За окном пролетел плоский полустанок, телеграфные столбы вытягивали, то подымая, то опуская, бесконечную золотистую пряжу.
А старик все смотрел на Катю с печалью. Будто и не рассказывал только что веселое. Вытирали слезы, крутили головами срлдаты. Один из них, вспомнив, выдернул из-под полки темную бутылку. Забулькало в стакан, по кружкам…
— Ну, отец, за победу! — Кружки и стакан сдвинулись.
Старуха нахмурилась, подтолкнула старика:
— Может, хватит тебе, а? Завтра-то чего с тобой, будет?
— Ничего, ничего, мать! — Глаза старика бегали по столику, выцеливая чем бы закусить. — За победу — грех не выпить!
— Да сколь пить-то? Третий месяц пошел как победа — и все пьете!
Солдаты и старик только посмеивались, закусывали. Но постепенно искрометный, все время взрывавшийся смехом разговор начал вяло раскачиваться, заплетаться, потом смялся совсем, и, как спасенье, как внезапный выход, все вдруг заорали песню, выкатывая глаза друг на друга и зло дирижируя огурцами:
— Отец, отец! Окстись! Отец! — стеснительно покашиваясь на Катю, толкала старика локтем старуха. Но тот, как говорится, уже выпал, и его было не достать. Зажмуриваясь, стукая кулаком по колену, делая рот наискось, старик зло орал со всеми:
Он залетел уже к солдатам, плакал, обнихмал их, и старуха осталась напротив одна, с болью, неудобством, беспомощностью трезвого человека только взглядывала на него, не знала, что делать. Напряженно застыл, опустив голову, Митька. Невидяще смотрела в окно Катя.
Потом уже рыжий солдатик долго, молчком мотался перед Катей.
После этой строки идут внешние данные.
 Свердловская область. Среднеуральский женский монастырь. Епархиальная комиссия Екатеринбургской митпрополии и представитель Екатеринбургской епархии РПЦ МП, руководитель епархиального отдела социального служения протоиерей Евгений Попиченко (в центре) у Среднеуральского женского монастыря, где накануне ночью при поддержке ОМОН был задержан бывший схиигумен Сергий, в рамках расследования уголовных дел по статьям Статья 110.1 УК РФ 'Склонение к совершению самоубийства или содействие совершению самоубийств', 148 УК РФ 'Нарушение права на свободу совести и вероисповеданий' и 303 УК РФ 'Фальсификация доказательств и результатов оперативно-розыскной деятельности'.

Как-то уж больно злопамятно погрозил ей прокуренным пальцем и полез на верхнюю полку, вспрыгивая на нее, взбалтывая сапогом перед Митькой. Митька выскочил из-под полки. Кое-как утолкнулся солдатик и сразу захрапел.
Солнце давно село, за окном по перелескам и лугам, расстилая туманы, бежала ночь. Прошла проводница, вернулась, полезла зажигать свечку нал дверью в фонаре. Заодно, потянувшись через солдатика, захлопнула верхнее окошко, и холод ночи разом отрубился и глухо застучал за стеклом.
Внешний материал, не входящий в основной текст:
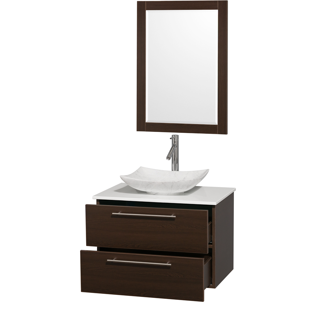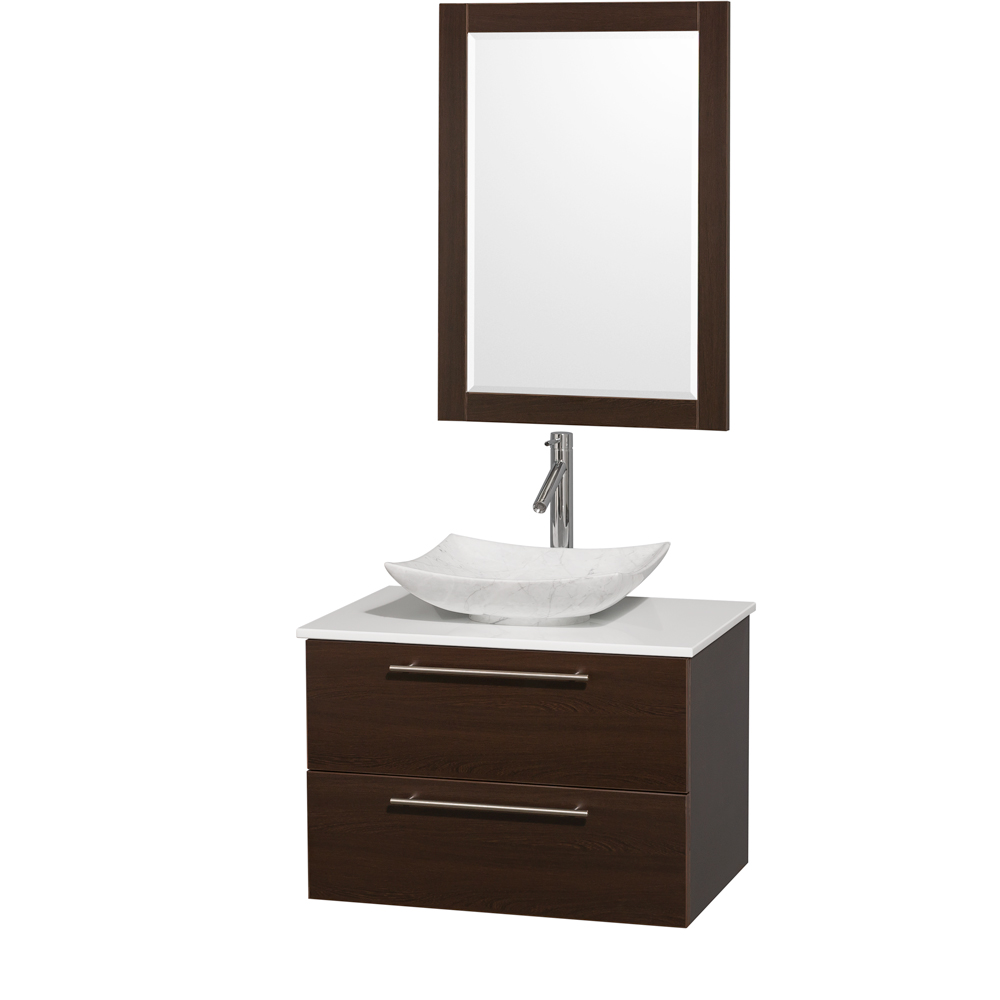 Amare 30 inch Single Bathroom Vanity in Espresso, White Man-Made Stone Countertop, Arista White Carrara Marble Sink, and 24 inch Mirror

Среди ночи Катя проснулась. В вагоне — как в душном, скрипучем сапоге. Покачиваясь в проходе вагона, пошла в другой его конец попить. Вода болталась в кружке теплая, безвкусная. Катя выплеснула остатки в ведро под бачком.
Вернувшись, повернула вялого спящего Митьку к стенке, легла с краю, и сразу все тяжелые, нерадостные думы последнего времени, словно из-под вагона, настойчиво застучали в голову.
2
В памятное то возвращение Дмитрия Егоровича из командировки Митька с радостным криком влетел в комнату:
— Мама! Дедушка приехал!
Катя побросала шитье, сорвалась за Митькой, во двор, к воротам. Дмитрий Егорович стоял возле полуторки, держась за раскрытую дверцу, что-то говорил Ивану Зиновиевичу, который устало привалился к баранке и будто дремал.
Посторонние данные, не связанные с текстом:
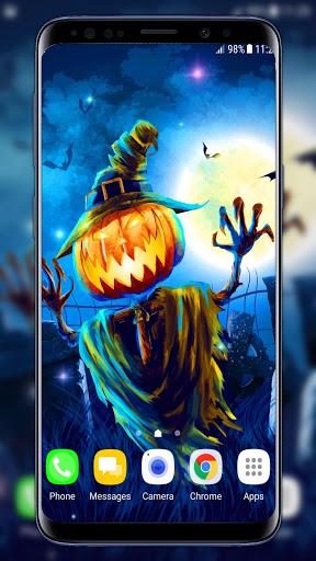Halloween Live Wallpaper is a full HD collection of spooky images! Try these high definition Halloween themes for making your Halloween more exciting and scary! On our Halloween wallpaper app the evil pumpkins are breathing and smiling at you! Hope for a night with a full moon and starry sky and wish upon a star that this night lasts forever. Let the fire flames burn in the pumpkin! Have lots of frightful fun with scary wallpapers free for smartphone!

И выгоревшая, приплюснутая фуражка Дмитрия Егоровича, и кургузый пиджачок, и брезентовые сапоги — все словно опадало, оседало вместе с пылью, поднятой полуторкой, делало Дмитрия Егоровича меньше, незаметней в белесом полуденном зное. «Господи, с каждой поездкой все худее и худее становится!» — резануло Катю.
Хлопнула дверца, машина рванулась с места, обдав Дмитрия Егоровича пылью, и в эту пыль с разбега сиганул Митька обняв дедушку и руками и ногами. Дедушка пах табаком, бензином, пылью и солнцем.
Уже на ходу Дмитрий Егорович коснулся обветренными губами виска снохи… «Ты чего это, Катя?.. Ну-у, опять глаза на мокром месте!»
Пока он плескался, фыркал под умывальником во дворе, а Митька стоял рядом с перекинутым через плечо чистым полотенцем, Катя быстро собрала на стол.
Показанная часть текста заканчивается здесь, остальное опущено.